When shifting the focus from the volatility of hydrogen stocks to RE Royalties, one enters a world of structured returns. While others are still building their production halls and factories, RE Royalties is already reaping the rewards. The company has a compelling model in the renewable energy sector. As a licensor, RE Royalties provides the capital for projects and receives a share of revenue in return. A look at the company's latest presentation reveals its enormous stability, as the team has a track record of 25 consecutive quarters of dividend payments. Now that is quite a statement. After all, the hydrogen sector is typically still better known for burning through money. With a total of 122 licenses in its portfolio, the company is broadly diversified. From solar and wind to battery storage, it covers everything associated with the green future. Its recognition as one of Canada's "Globe and Mail Top Growing Companies" is therefore no coincidence.

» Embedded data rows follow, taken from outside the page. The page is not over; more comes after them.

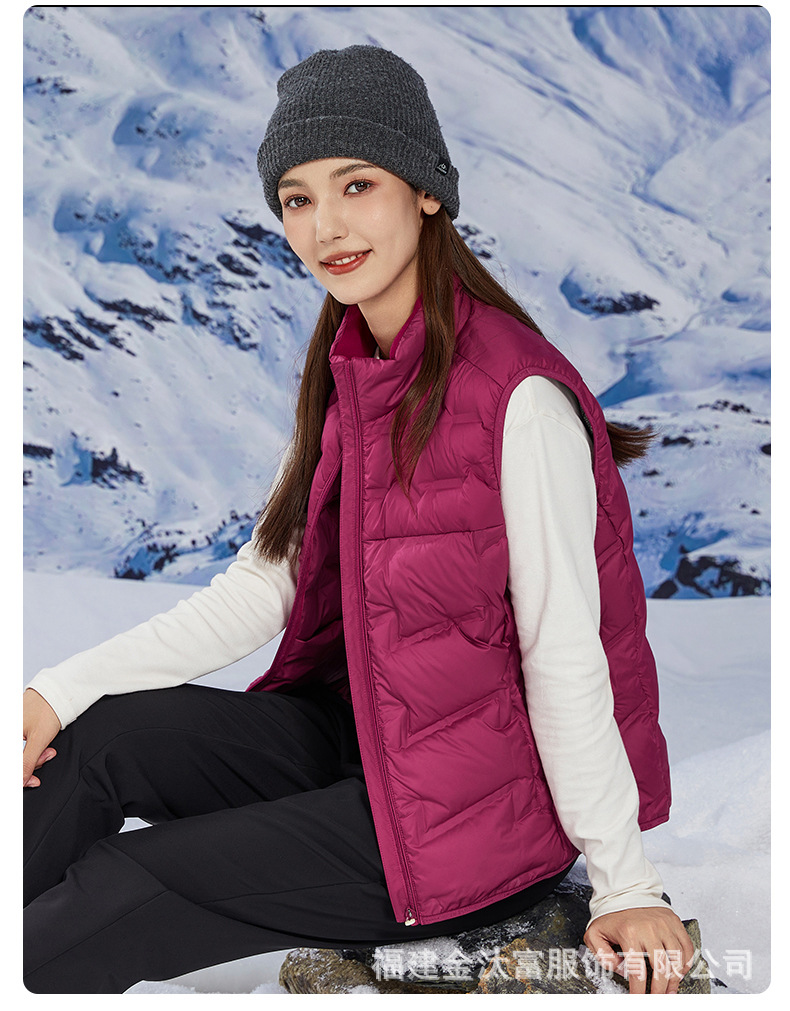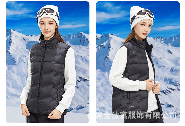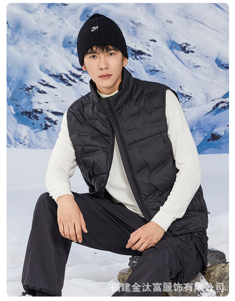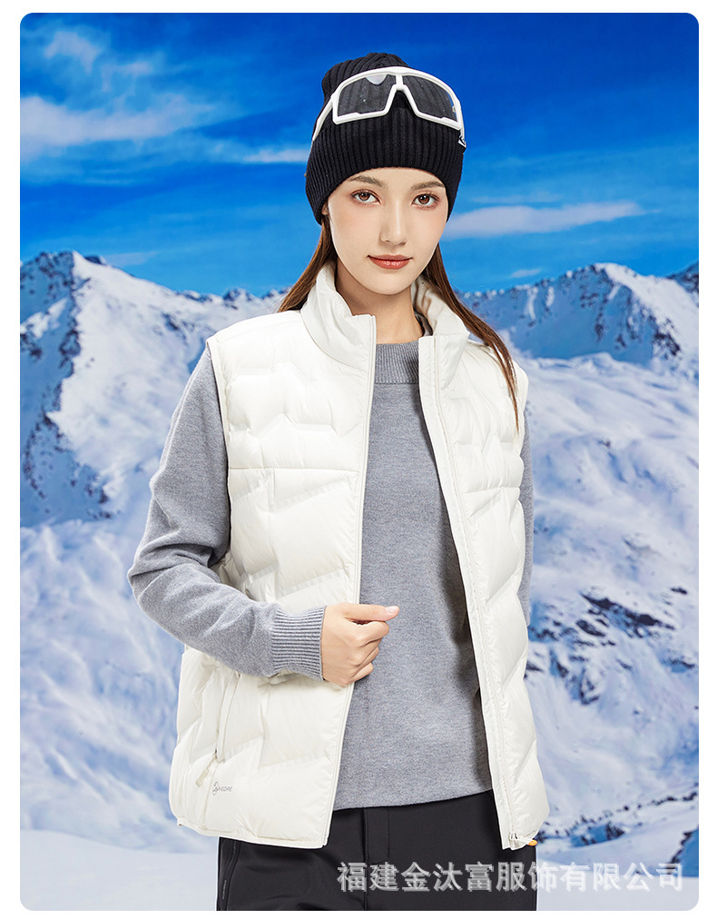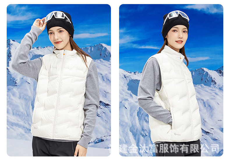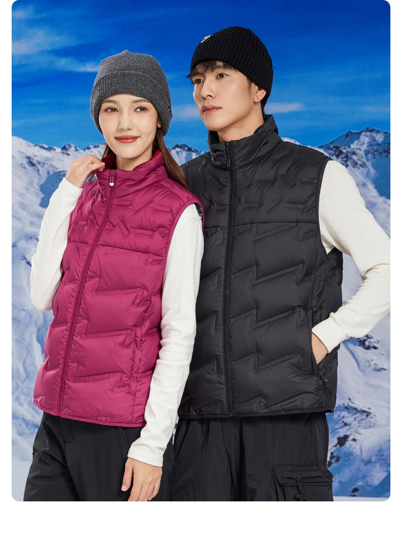 컬러 블록 다운 조끼 겨울 새로운 남성과 여성의 따뜻한 흰색 오리 다운 재킷 야외 경량 스탠드 칼라 방풍 조끼스토어 가기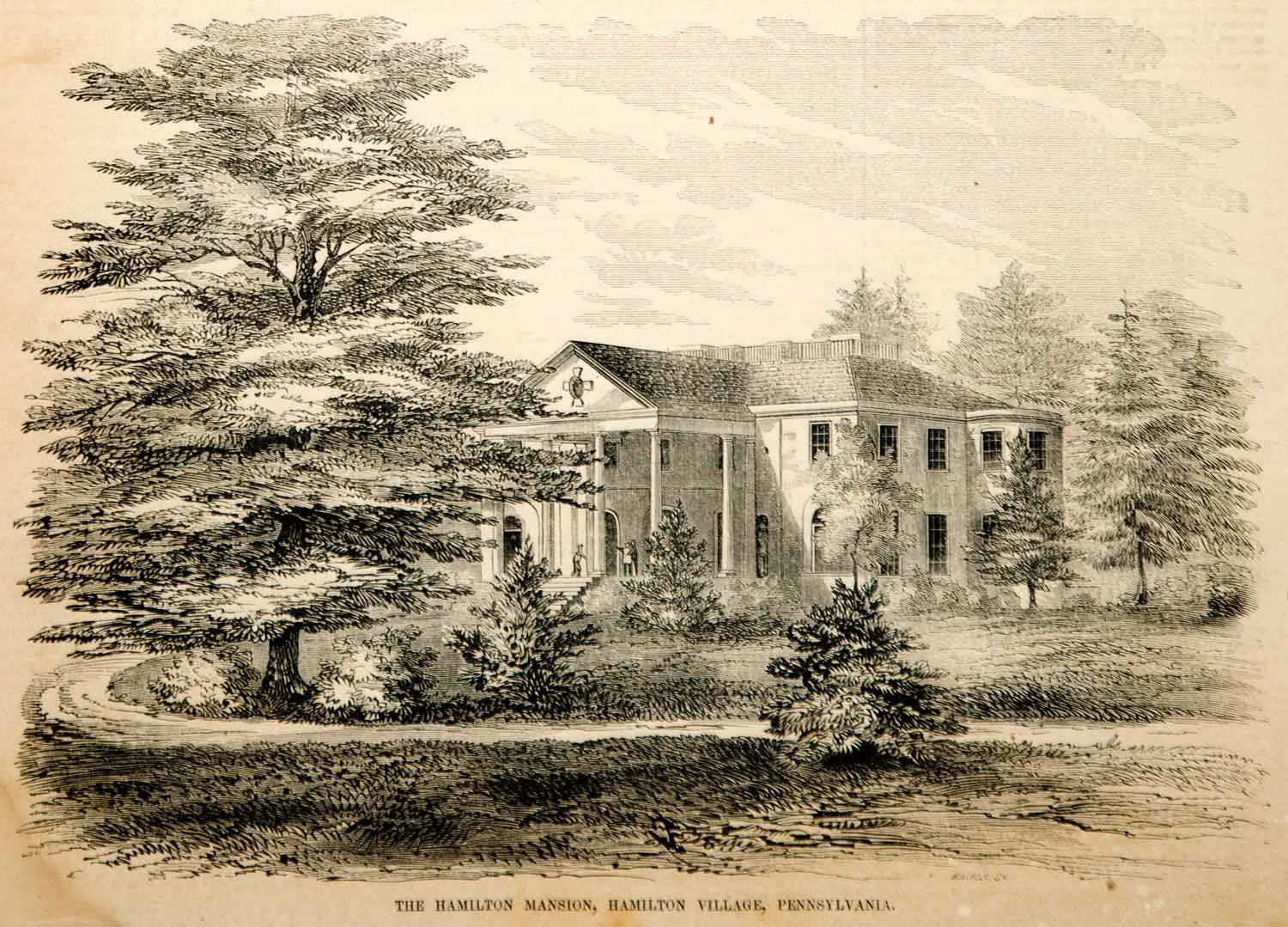 This is an original 1854 black and white in-text wood engraving of Woodlands, an historic house on the west bank of the Schuylkill River in Philadelphia. The house and adjoining lands became a cemetery in 1840.
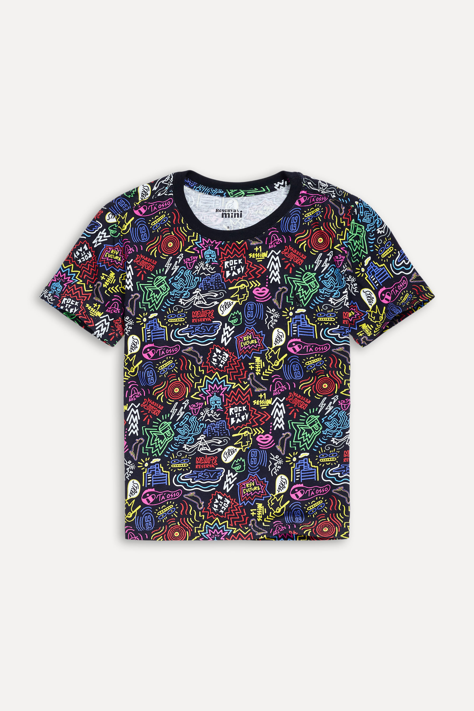 Camiseta da linha infantil Reserva Mini. A peça é feita em malha 100% algodão estampada, super confortável e tem modelagem básica, perfeita para o dia a dia. Gola de ribana preta. Estampa exclusiva da coleção e assinatura de pica-pau bordado no peito. Produzido eticamente no Brasil. Comprando esta peça, você complementa cinco pratos de comida através do nosso programa 1P=5P.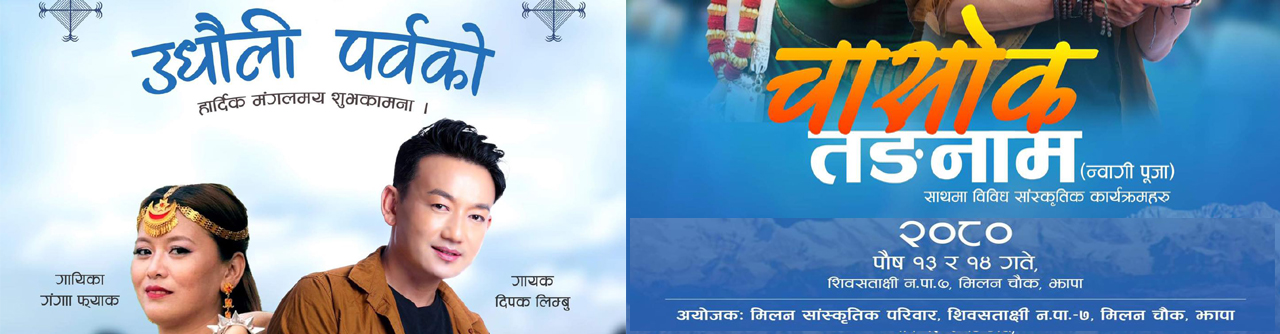 झापाको शिबसताक्षी–७ मिलन चौकमा मिलन साँस्कृतिक परिवारले यहि पौष १४ गते शनिबारका दिन वृहत साँस्कृतिक तथा सांगीतिक कार्यक्रम हुने भएको छ ।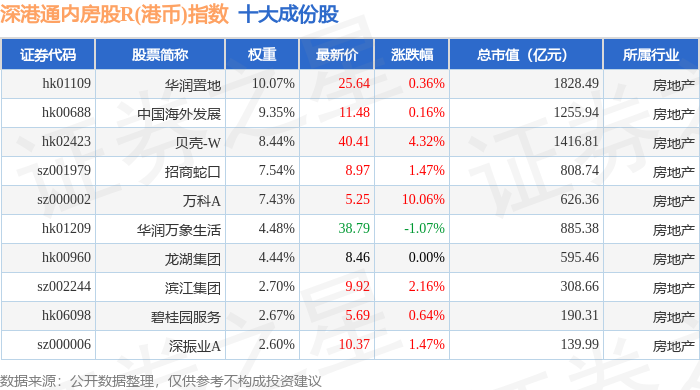 深港通内房股R(港币)(483084)指数十大成份股详情如下: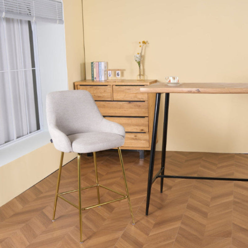 Combínalo con la Silla Galicia diseñada con los mismos acentos dorados y el estilo contemporáneo que distinguen al Banco Alto Galicia. Juntos crean un espacio moderno, armonioso y visualmente impecable, ideal para barras y comedores que buscan coherencia y sofisticación.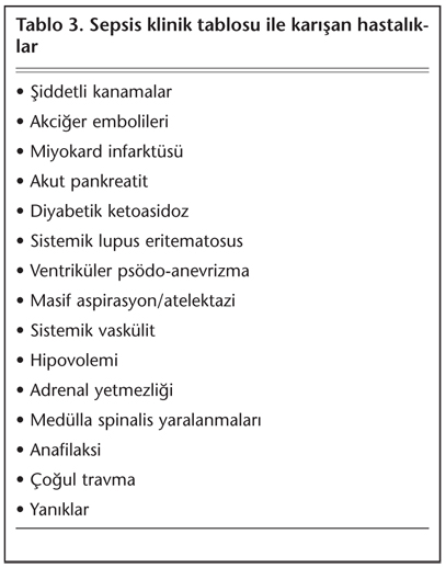 Yoğun bakım ünitesinde sistemik inflamatuvar yanıt sendromuna yol açarak sepsis ile karışabilecek birçok hastalık bulunmakla birlikte öncelikle bu klinik tablonun infeksiyona bağlı olabileceği olasılığı dikkatle değerlendirilmelidir (Tablo 3).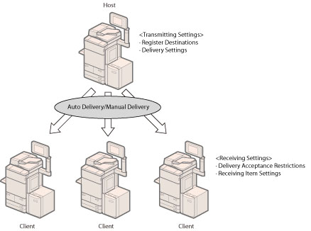 If [Restrict Receiving Device Information] for <Receiving Settings> is set to 'Off', the machine can receive device information delivered from different machine models. (See "Setting the Receiving Machine.") However, some information may not be delivered correctly.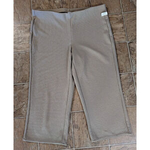 size 2X, pull on, stretchy, wide leg, knit, pants, high rise, no pockets, textured fabric, a leisure, Brand new, partial store tag. This is beige to tan in color, Darker than pics.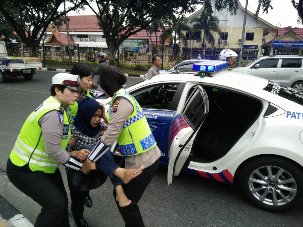 PEKANBARU, SIAGANEWS.CO – Aksi Srikandi Polwan dari Direktorat Lalu Lintas Polda Riau dan Satuan Lalu Lintas Polresta Pekanbaru yang bergerak cepat membantu korban kecelakaan Sabtu (5/3) Pagi tadi sekitar pukul 07.30 wib di Jalan Jendral Sudirman depan menara Bank Riau Kepri cukup menarik perhatian masyarakat yang melintas di sekitar lokasi. Ini aksi Polwan tersebut yang berhasil di abadikan oleh Siaganews.co saat di lokasi kejadian.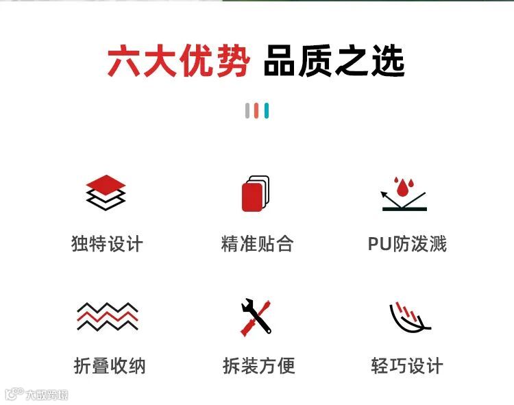 独特设计 精准贴合 PU防泼溅 折叠收纳 拆装方便 轻巧设计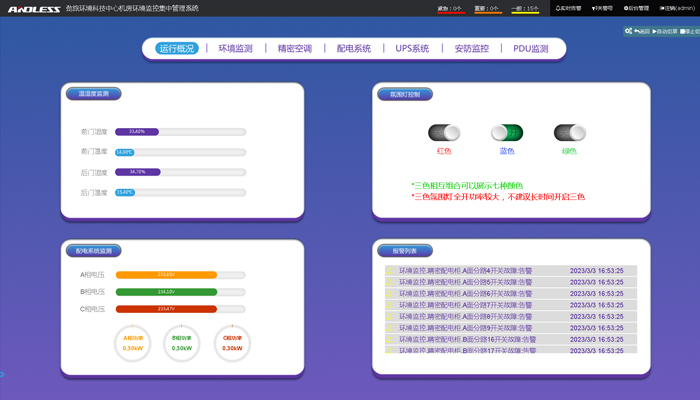 結(jié)合勁旅環(huán)境科技中心機房項目情況,本次為其提供搭建一套雙排冷通道微模塊,并配有一套環(huán)境監(jiān)控集中管理系統(tǒng),現(xiàn)已安裝調(diào)試完成。

The latest news underscores this expansionary course. On February 9, 2026, the company announced that it had invested an additional $800,000 in Solaris Energy's U.S. solar portfolio. The total investment is expected to reach up to $9 million. For RE Royalties, this deal means long-term revenue over 25 years from projects in states like California and Maine. Peter Leighton, the COO, makes it clear that the focus here is on quality. The company works with professionals to finance the transition to a low-carbon energy system while offering shareholders an attractive return. It is precisely these steady, contractually secured cash flows that already distinguish RE Royalties from the highly speculative technological bets of companies like Nel ASA or ITM Power.